I’m running into an issue with a SQL query where I’m getting an error about an invalid column name when trying to use a calculated field alias in the HAVING clause.
Here’s my query:
SELECT
StoreId,
(6371 *
acos(cos(radians(40.7128)) *
cos(radians(Lat)) *
cos(radians(Lng) -
radians(-74.0060)) +
sin(radians(40.7128)) *
sin(radians(Lat)))) AS proximity
FROM
[dbo].[StoreLocations]
HAVING
proximity < 50
ORDER BY
proximity
The error I’m getting is:
Msg 207, Level 16, State 1, Line 13
Invalid column name ‘proximity’
Why can’t SQL Server recognize the alias I created in the SELECT statement when I try to use it in the HAVING clause? Is there a way to fix this without repeating the entire calculation?
Oh interesting! I’ve hit this wall before - super frustrating. What SQL Server version are you running? Newer versions handle the logical processing order differently. Try wrapping it in a subquery instead of a CTE - might work better for your case.

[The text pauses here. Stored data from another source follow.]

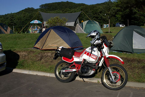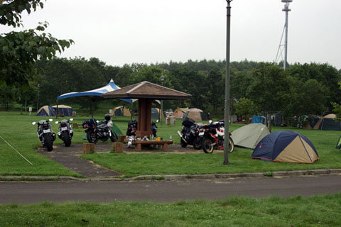 5時前に別海町へ到着するも、地図を見ながら、しばしウロウロ。主要幹線からの進入口に案内板があってもよさそうなもんだけど、「キャンプ場はこっちだよ」てな看板が無い。有ったのかもしれないけど、キャンプ場の前へ行ってはじめて、ああここだ・・と知ったしだい。他にもウロつく車やバイクがいたので、自分だけではなさそう。別海ふれあい公園キャンプ場ともあれ受付へ、ライダーに対して、とってもフレンドリーな受付のオバチャン。温泉は修理中で入れないらしく、8kmほど離れた“しまふくろう温泉”から送迎バスが来ていて、最終便が出るところだった。「バイクの人は夕方に来ることが多いから・・」と発車時間をずらしてまで、対応しようと気遣ってくれる様子が嬉しい。でも、せっかくだけど、買出しもあるので送迎バスは、、、パス。バイクが数台寄り合ってるところへ「こんにじわ~^^」みなさん、天気のパッとしない今年の北海道を、挫けず元気に何日もツーリングしてるらしい。徹底して雨を避け、天気の良い時しか出ない自分が小さく感じた。パッパッとテントを張って、そそくさと買出しに出かける。正義の味方"スーパー フクハラ"が近づくにつれ、発作的に、、絶対にカレーが食べたい!、、と思う。「きっと一番高価なのは間違いなくウマイっいしょ、、たぶん・・」と安直な理由で、その場ではレトルトの最高峰だった中村屋の、ビーフカレー¥298をチョイス。たまにヤルささやかなゴハンシタクだし、それだけでは淋しい気もするので、昨夜の貰い物のパクリネタを思いつき、カニ入りのツミレをカゴに入れた。こうなると、翌朝の分も、、、同じ物しか頭に浮かばないところが、我ながら悲しい。気が付けばライ麦パンを、足も止めず横目でサッと取ってカゴへポイッ。かなり慣れたな・・・スーパー フクハラ。いろんな物が目移りするばかりで、しばしウロウロ。幸運なことに、トッピングぐらいは変えようと、急に少しだけ頭が回ったりしてwポテトサラダとスライスハムを挟んで、笑顔で食べようと閃いたり・・。テントへもどると、姿の見えなかった方々もお揃いで、おのおのコンロを持ち寄り輪になって夕食が始まった。段取りの都合上、自分は口だけ輪に入りながらテントの前室で飯炊き。札幌GSX-R1000さんから、別海名物だというポークチャップを振舞われ、その濃厚な味わいに、、たまらずにビールを・・・ああ、、温泉への出動はお預け。いつもより一段小さい鍋でゴハンを炊いてみたら、、あら失敗^^!つみれ汁は?というと、、味噌もってなかった^^!化学調味料と塩でガマン。インスタントの、あさげ使えばよかったか?まあいい、最初からそういうつもりだったことにするw。カレーも、、、イマイチ、、、カレーはやっぱりカレーメーカーか?それらイマイチセットを持参して皆の中に入る。京都ZZR1400氏が仕入れてきたという、厚岸の焼き牡蠣やら、根室の花咲ガニをご馳走になる。甲羅は回し食い、、このイージーさが楽しい。ナマのハナサキやカキをガスコンロと小さな網で焼いていらっしゃる。ホゥホゥ・・・いいかもな、、こんど網もってこよ。星は出ていないけれど、穏やかな夏の夜。日常、各人を取り巻く諸事情は、その実、良くも悪くも様々だと思う。しかし、この偶然の場で歩み寄って、このひと時を共有しようとする志が、底抜けに明るく楽しい語らいを、もたらしてくれるんだろう。そんなこと当たり前、特にとりたてて分析するほどのことでもないけれど、ハスラーで出かけてた十代のころから、大きくは変わってないことに、なぜかホッとするしだい。そんな思いの中、時間があっというまに過ぎ、片付けを終え11時前になってから寝床へこもる。天気予報を確認し、最終日のルートを探るが、夕方にかけて雨にあたる可能性もあるらしい。こりゃあ、ひたすら帰還に徹することになりそう。しかし、せっかく出て来たし、という欲も出て1時間ほど地図とにらめっこ。出発間際に新ちょうしたLEDのヘッドライトが、ことのほか具合良くもあり、ついダラダラと地図に見入ってしまったのだ。これで1580円は安い、当たり! (^^)v充実感いっぱいで2日目の夜はふけ、隠れた疲労が特有の快感へ変わる。アハン、、ダウンのシュラフが心地いい・・・その4へ、つづく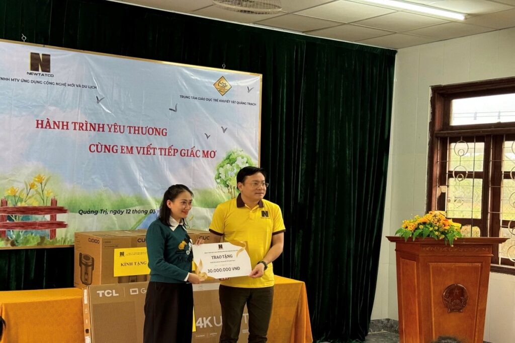 Tại đây, Ban Lãnh đạo Công ty đã thăm hỏi, động viên Tập thể các thầy cô giáo và các em học sinh với mong muốn góp phần hỗ trợ, cải thiện điều kiện học tập, sinh hoạt và chăm sóc cho các em học sinh của Trung tâm. Đoàn đã trao tặng 30.000.000 đồng, cùng các phần quà thiết thực gồm 01 tivi 55 inch, 02 nồi cơm điện công nghiệp và 250 kg gạo.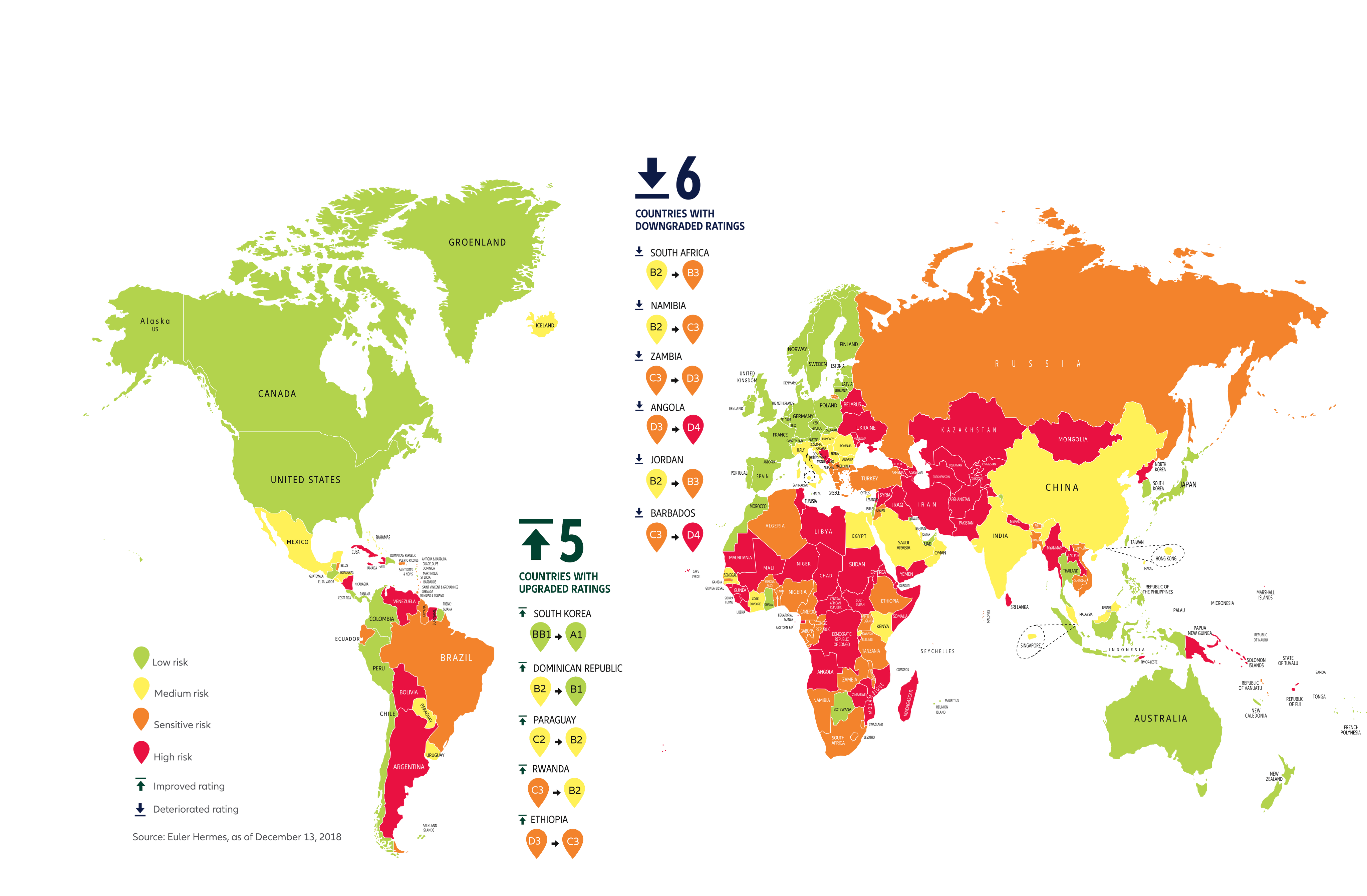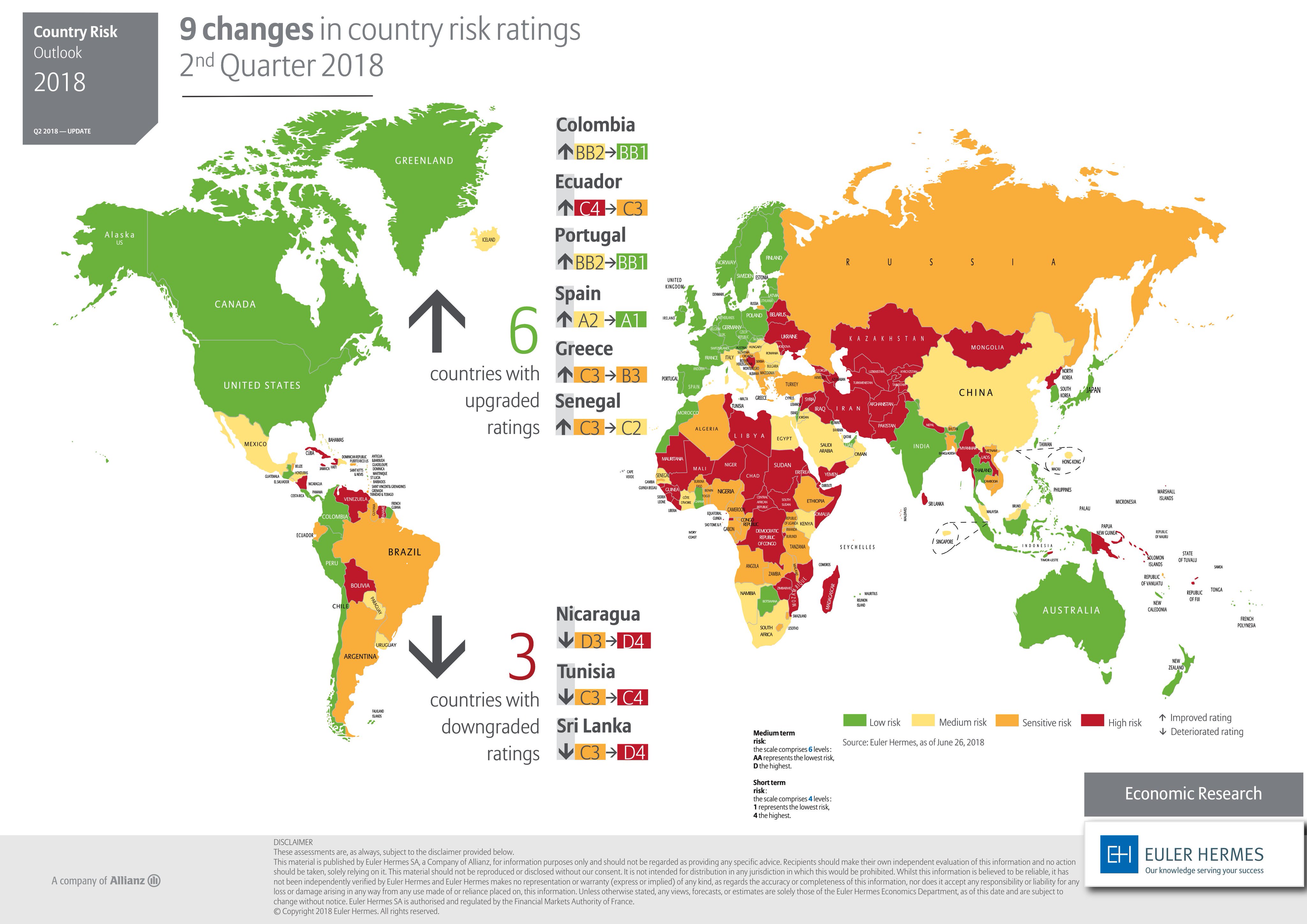 Euler Hermes’ Q1 2018 country risk ratings: 5 upgrades and 3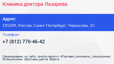Клиника доктора Лазарева по адресу 195299, Россия, Санкт-Петербург, Черкасова, 25 в дальнейшем Организация, размещена в следующих категориях:

This happens because of how SQL Server processes queries. The HAVING clause runs before SELECT finalizes column aliases, so your ‘proximity’ alias isn’t available yet when HAVING executes. Actually, you should be using WHERE instead of HAVING since you don’t have GROUP BY. HAVING is for filtering grouped results, not individual rows. Try this instead: WITH LocationCalculation AS ( SELECT StoreId, (6371 * acos(cos(radians(40.7128)) * cos(radians(Lat)) * cos(radians(Lng) - radians(-74.0060)) + sin(radians(40.7128)) * sin(radians(Lat)))) AS proximity FROM [dbo].[StoreLocations] ) SELECT StoreId, proximity FROM LocationCalculation WHERE proximity < 50 ORDER BY proximity This CTE approach calculates the distance once and lets you reference the alias in WHERE and ORDER BY without repeating that complex formula.
yeah, this trips up evryone in SQL Server! you can’t use aliases in HAVING cause it gets evaluted before SELECT. just repeat the calculation in the HAVING clause or use that CTE approach someone mentioned - both work great.